Fidelity Investments is enhancing its exchange-traded fund (ETF) offerings with the launch of five new actively managed equity ETFs and a fee reduction on an existing fund, the firm announced Thursday.
This move reflects the growing preference among investors for ETFs over mutual funds due to their trading flexibility and tax efficiency. As demand surges, asset managers are accelerating the release of active ETF products. According to Morningstar, 328 new active ETFs hit the market in 2023 through September 30.
The five new funds include the Fidelity Enhanced U.S. All-Cap Equity ETF (FEAC), Fidelity Enhanced Emerging Markets ETF (FEMR), Fidelity Fundamental Developed International ETF (FFDI), Fidelity Fundamental Global ex-U.S. ETF (FFGX), and Fidelity Fundamental Emerging Markets ETF (FFEM). These ETFs feature competitive gross expense ratios, with FEAC at 0.18%, FEMR at 0.38%, FFDI and FFGX at 0.55%, and FFEM at 0.60%.
Available commission-free to individual investors and financial advisors through Fidelity’s online brokerage platform, these ETFs aim to deliver unique actively managed solutions. “Our goal is to provide investors with differentiated, actively managed investment products,” said Greg Friedman, Fidelity’s head of ETF management and strategy.
Fidelity is also revamping its existing Fidelity High-Yield Factor ETF, renaming it the Fidelity Enhanced High-Yield ETF (FDHY).
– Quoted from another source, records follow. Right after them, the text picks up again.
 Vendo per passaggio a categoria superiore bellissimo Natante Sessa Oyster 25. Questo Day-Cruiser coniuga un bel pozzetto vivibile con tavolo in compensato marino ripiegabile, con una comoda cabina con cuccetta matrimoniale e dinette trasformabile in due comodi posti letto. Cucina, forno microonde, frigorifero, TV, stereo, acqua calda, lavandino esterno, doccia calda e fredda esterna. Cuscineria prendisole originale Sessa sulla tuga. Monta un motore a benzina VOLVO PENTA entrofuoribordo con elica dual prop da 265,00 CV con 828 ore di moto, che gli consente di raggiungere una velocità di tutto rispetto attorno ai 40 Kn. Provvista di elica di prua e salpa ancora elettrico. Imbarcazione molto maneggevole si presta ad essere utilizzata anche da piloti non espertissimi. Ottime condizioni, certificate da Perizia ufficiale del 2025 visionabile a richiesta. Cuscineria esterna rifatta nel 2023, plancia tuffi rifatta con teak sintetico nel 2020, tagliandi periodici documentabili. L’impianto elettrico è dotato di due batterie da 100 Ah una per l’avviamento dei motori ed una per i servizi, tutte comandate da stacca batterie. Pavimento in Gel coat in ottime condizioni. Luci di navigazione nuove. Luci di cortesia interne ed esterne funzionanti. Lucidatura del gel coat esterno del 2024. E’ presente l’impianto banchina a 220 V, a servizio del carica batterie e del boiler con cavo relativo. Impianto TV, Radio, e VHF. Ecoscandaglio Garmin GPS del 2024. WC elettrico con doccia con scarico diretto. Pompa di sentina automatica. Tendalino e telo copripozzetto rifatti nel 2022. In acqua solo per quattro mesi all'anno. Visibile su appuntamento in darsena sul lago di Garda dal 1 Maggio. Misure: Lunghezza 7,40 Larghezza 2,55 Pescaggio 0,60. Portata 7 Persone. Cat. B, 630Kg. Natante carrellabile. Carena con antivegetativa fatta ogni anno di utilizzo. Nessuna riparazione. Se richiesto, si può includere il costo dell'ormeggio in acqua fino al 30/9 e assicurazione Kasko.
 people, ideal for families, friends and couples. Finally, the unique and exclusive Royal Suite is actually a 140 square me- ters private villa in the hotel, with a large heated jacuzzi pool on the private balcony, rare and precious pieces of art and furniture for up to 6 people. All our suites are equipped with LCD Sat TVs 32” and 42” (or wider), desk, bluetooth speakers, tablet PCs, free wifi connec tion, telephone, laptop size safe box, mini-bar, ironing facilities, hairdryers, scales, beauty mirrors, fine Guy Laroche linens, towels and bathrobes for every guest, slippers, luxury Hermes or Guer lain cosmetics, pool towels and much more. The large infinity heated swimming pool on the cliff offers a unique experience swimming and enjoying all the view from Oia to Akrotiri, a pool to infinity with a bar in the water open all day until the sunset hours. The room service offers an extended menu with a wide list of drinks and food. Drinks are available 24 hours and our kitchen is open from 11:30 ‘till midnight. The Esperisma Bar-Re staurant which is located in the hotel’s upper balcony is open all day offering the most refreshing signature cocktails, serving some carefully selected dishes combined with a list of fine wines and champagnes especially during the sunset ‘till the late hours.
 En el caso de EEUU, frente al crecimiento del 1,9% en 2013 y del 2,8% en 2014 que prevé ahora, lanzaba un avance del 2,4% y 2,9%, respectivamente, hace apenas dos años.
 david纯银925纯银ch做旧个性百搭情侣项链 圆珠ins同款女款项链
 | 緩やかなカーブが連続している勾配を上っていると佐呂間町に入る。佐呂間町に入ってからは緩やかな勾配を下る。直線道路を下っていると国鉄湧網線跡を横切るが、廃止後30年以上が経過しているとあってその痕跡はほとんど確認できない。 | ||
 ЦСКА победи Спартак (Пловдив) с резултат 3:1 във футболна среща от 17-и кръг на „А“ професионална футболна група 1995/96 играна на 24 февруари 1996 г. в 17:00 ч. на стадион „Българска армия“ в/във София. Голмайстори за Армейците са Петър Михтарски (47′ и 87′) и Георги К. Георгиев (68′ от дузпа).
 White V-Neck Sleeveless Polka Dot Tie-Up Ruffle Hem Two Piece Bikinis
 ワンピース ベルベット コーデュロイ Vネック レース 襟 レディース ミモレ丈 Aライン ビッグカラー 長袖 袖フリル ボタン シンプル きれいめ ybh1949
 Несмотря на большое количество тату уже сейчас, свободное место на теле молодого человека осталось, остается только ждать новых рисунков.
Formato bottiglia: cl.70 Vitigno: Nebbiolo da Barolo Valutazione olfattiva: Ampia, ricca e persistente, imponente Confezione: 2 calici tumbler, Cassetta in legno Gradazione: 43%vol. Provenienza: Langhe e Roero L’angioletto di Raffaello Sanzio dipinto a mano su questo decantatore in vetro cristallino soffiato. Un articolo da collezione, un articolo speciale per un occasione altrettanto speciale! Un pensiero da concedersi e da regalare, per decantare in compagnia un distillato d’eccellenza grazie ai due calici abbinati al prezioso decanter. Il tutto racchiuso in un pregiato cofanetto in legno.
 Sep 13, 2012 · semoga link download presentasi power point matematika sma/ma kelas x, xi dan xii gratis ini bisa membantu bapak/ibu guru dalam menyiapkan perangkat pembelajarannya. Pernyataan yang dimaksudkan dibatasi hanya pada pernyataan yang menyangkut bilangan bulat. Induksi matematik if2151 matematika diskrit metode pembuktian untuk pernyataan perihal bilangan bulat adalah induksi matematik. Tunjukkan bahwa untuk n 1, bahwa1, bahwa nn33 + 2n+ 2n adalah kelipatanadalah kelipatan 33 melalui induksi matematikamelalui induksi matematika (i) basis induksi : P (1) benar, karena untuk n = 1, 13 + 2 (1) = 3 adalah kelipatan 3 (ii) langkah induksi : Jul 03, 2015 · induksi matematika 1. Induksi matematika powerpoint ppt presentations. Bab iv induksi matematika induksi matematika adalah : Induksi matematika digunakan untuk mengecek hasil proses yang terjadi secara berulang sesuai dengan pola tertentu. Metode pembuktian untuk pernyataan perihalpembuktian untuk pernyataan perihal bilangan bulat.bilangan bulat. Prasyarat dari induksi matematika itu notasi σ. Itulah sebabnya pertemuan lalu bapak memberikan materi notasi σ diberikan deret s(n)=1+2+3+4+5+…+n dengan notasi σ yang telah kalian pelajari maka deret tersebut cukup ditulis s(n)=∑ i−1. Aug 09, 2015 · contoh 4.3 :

Along with the rebranding, the total expense ratio will drop from 0.45% to 0.35%. Fidelity explained the name change aligns more closely with the fund’s active investment approach.
Headquartered in Boston, Fidelity is a leader in wealth management and retirement planning, with a substantial brokerage platform catering to both retail investors and independent financial advisors. As of September 30, Fidelity reported $15 trillion in assets under administration, including $5.8 trillion in discretionary assets.
The firm now manages 76 ETFs and products with a combined $93 billion in assets. Fidelity’s portfolio construction team regularly analyzes thousands of managed portfolios and reports a growing trend among financial advisors allocating client assets to active ETFs.
This strategic expansion aligns with broader industry trends. Many asset managers are pivoting to ETFs to meet rising investor demand for active strategies in an ETF format while countering outflows from active mutual funds. Charles Schwab recently announced plans to launch its third active ETF, the Schwab Core Bond ETF, in early 2025. Similarly, Vanguard has expanded its lineup of active ETFs, introducing two active municipal bond ETFs in August: Vanguard Core Tax-Exempt Bond ETF and Vanguard Short Duration Tax-Exempt Bond ETF.
The industry’s rapid shift toward ETFs underscores their growing significance as core portfolio tools for both individual and institutional investors, with active ETFs emerging as a focal point for innovation and growth.